If you see a picture in the data below, omit it and copy the rest exactly.

Collected data:
......

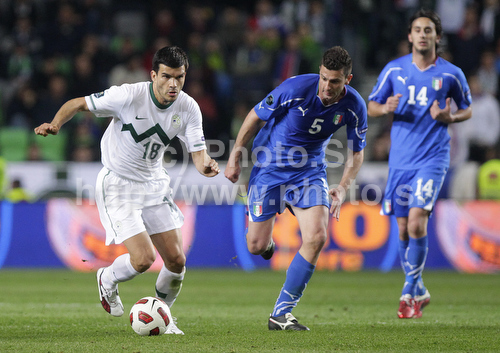 : Aleksander Radosavljevic of Slovenia (L) and Thiago Motta of Italy (R) during football match of UEFA European championships qualifications between Slovenia and Italy. Match between Slovenia and Italy was played on Friday, 25th of March 2011 in Stozice arena in Ljubljana, Slovenia.
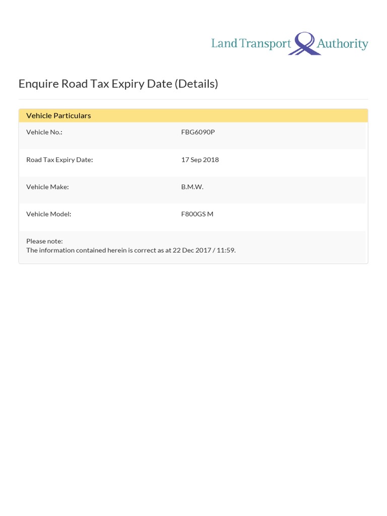 Enquire Road Tax Expiry Date Details Vehicle Particulars
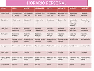 Este documento presenta el horario personal de una estudiante de la Universidad Nacional de Cajamarca para el curso Metodos y Técnicas de Estudio. El horario detalla las actividades académicas y personales de la estudiante, incluyendo las horas de clase, tiempo de estudio, descanso y ocio. El objetivo es organizar eficientemente el tiempo de la estudiante para cumplir con sus responsabilidades académicas.

......

Response:
 : Aleksander Radosavljevic of Slovenia (L) and Thiago Motta of Italy (R) during football match of UEFA European championships qualifications between Slovenia and Italy. Match between Slovenia and Italy was played on Friday, 25th of March 2011 in Stozice arena in Ljubljana, Slovenia.
 Enquire Road Tax Expiry Date Details Vehicle Particulars
 Este documento presenta el horario personal de una estudiante de la Universidad Nacional de Cajamarca para el curso Metodos y Técnicas de Estudio. El horario detalla las actividades académicas y personales de la estudiante, incluyendo las horas de clase, tiempo de estudio, descanso y ocio. El objetivo es organizar eficientemente el tiempo de la estudiante para cumplir con sus responsabilidades académicas.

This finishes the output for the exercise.